Thursday, November 06, 2003

Unions and Strikes: I'm actually not as vehemently anti-union as some might think I would be. I actually consider employees just like I would any other good or service, as anybody else should. You, as an employee, are pretty much just like the guys who make Pepsi. The guys who make Pepsi want to get as much money as possible in exchange for their product. They've got pretty much two choices for how to make more money. They can raise their prices, or they can sell more Pepsi. The problem is, people are then free to head on over and buy Pepsi.

It's the same way with you. You can either work more hours or ask for more money. The problem is, your boss is then free to find somebody else who can do the same job you're doing for the same price, since you're all just the employee equivalent of fizzy sugar water.

A union is the equivalent of an oligopoly. Coke and Pepsi get together and decide that ain't nobody going to get any more soda unless they're willing to pay a buck a can. Would anybody go for it? Should anybody go for it? Of course not. Coke remains coke, and still isn't worth a buck a can.

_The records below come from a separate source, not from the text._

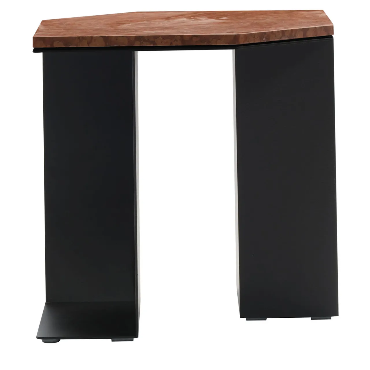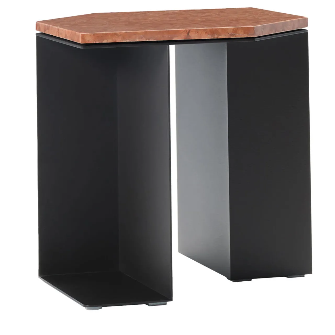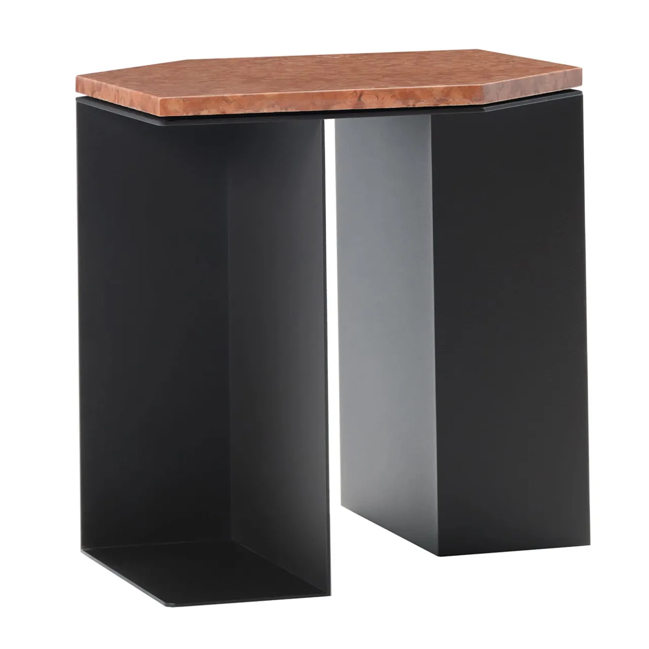 Questo esclusivo tavolino da caffè presenta linee pulite che esaltano le severe linee rette della silhouette squadrata, rivelando un’intrigante interazione tra pieni e vuoti che fungono da pratici spazi di contenimento. Realizzato assemblando e saldando a mano lastre di metallo con finitura nera opaca goffrata (RAL 9017), la struttura si estende fino al piano esagonale allungato in pregiato marmo Rosso Verona.
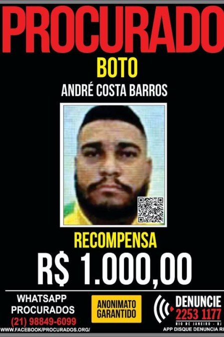 O criminoso segue foragido. Consta também um mandado de prisão por tráfico de drogas. André Boto também é acusado de extorquir comerciantes de Jacarepaguá e Recreio dos Bandeirantes, na Zona Oeste do Rio.
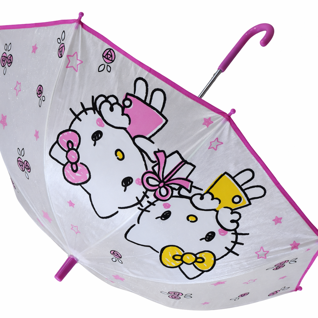 Make rainy days fun with this adorable Hello Kitty kids umbrella! Designed with a clear dome canopy, this umbrella helps children see where they’re going while staying fully protected from rain and wind. Featuring cute Hello Kitty characters, stars, and bows, it’s the perfect rainy-day accessory for school, travel, or outdoor play. The lightweight frame and easy-grip hook handle are specially designed for little hands, making it comfortable and safe for kids to use on their own. Durable materials ensure long-lasting performance, while the transparent design adds both style and visibility. Perfect for girls who love Hello Kitty, this umbrella also makes a great gift for birthdays, holidays, or back-to-school season.
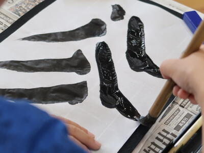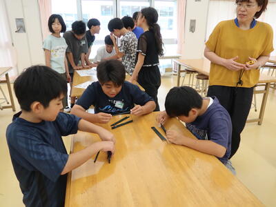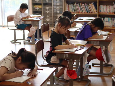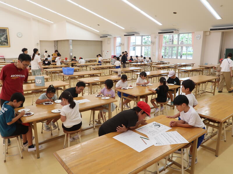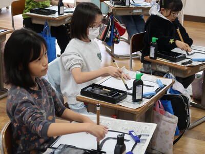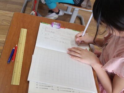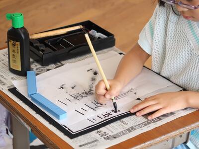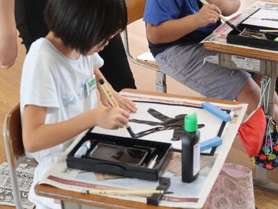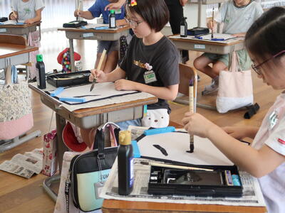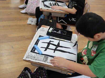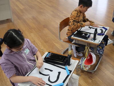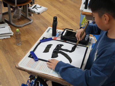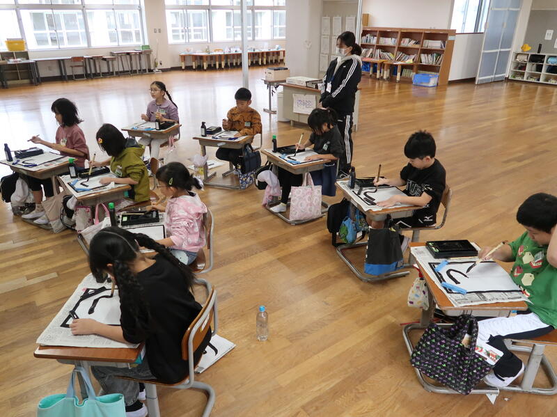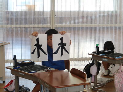 「横画」「縦画」「折れ」に引き続き、今回は「はらい」を学びます。2種類のはらい(左はらい、右はらい)を学び、その2種類のはらいに気を付けながら「木」を書きました。右はらいは、特に難しく、大人でもハードルが高いです。子どもたちは真剣に取り組みました。筆を立てる、穂先は左上向き、そして背筋を伸ばす、など毛筆で大切なことも時折声をかけていただき、意識しながら、真剣に丁寧に書きます。集中力もとてもいいですね。
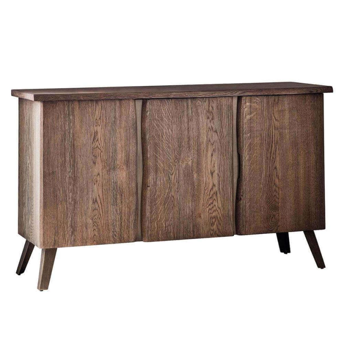 Nothing quite beats solid oak; the look and the feel truly enhance any style of home. The Chiswick Oak sideboard has a solid oak top and hand brushed metal legs. The legs areslightly angled outwards adding a touch of style to this piece. With three doors and one continuous shelf inside, this sideboard is not only useful, but a statement piece of furniture.
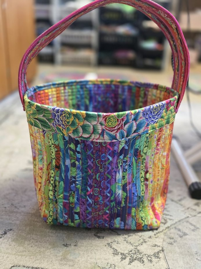 This bag is HUGE. It stands 14" tall and has 24" opening to get all your goodies in. All it takes is One Jelly Roll, One roll of 2 1/2" Batting, Some extra fabric for handles and that's all you need!!
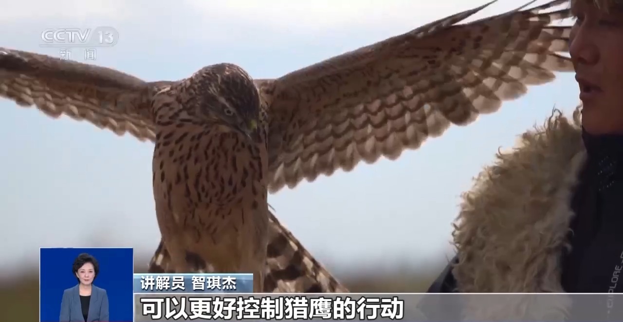 讲解员智琪杰:鹰尾铃挂在鹰尾巴上,会发出叮叮当当的响声,便于猎户知道它的去向。鹰绊绳是驯鹰专用绳,可以很好地控制猎鹰的行动。
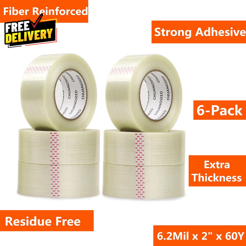 6PACK Reinforced Packing Tape, 5.5Mil 2Inx 60Yds, Heavy Duty Fiber Strapping Ad
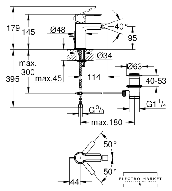 однорычажный смеситель для ванны и душа, монтаж на стену

Now, say that since nobody wanted to pay a buck a can, Coke and Pepsi suddenly decided that, in order to teach everybody a lesson, they were going to stop making soda. No more, they say, until everybody realizes how much they miss us. Only when everybody changes their mind and decide to pay a buck a can for soda will they start making product again.

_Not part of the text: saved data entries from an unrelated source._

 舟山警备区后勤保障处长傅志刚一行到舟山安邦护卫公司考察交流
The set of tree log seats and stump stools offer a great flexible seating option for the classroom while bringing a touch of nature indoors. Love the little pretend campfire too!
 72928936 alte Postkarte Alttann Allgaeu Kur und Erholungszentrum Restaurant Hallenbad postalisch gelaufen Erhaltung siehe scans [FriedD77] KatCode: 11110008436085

How wise does this seem? Would you, as a stockholder, put a lot of faith in the CEO if they acted like this?

So why does everybody think the Union leaders are so all-fired noble and brilliant for attempting pretty much the same strategy?

There's only one way to get more money for Pepsi, and that's to make Pepsi worth more money. If it, say, also cured cancer and regrew hair, then maybe people might ante up the extra money.

In other words, the grocer's union workers should find some way to increase the value of the work they're doing. Time it was that grocery store checking was a semi-professional job. You had to have flawless, lightening fast ten-key speed to punch up the prices of all of those items quickly and accurately, all while engaging in mindless banter with the customer.

Now, you pretty much just have to scan and scowl.

Do the grocery store clerks really think they're so irreplaceable that by standing in the parking lots they're leaving employers cowering in fear, wondering how the stores will function?

I'm sorry, but my two-year-old pretty much got it right her first try on the Barbie "Shop With Me" Cash Register.

I do feel there are unions and professional organizations that are able to exercise some leverage by unionizing, and I'm not going to deny them the right to do it.

But isn't it a little hypocritical to pick on monopolies and oligopolies as being unfair when a company is doing it, but then calling it unfair when individual people are doing it?

Actually, the person who gets screwed the most by Unions is the guy who does his job incredibly well, and competently. He ends up having to take up the slack of the less competent guy working beside him, who is making the exact same amount as him, even though he's nowhere near as good a worker.

But man, the unions sure are nice for the incompetent guy, aren't they?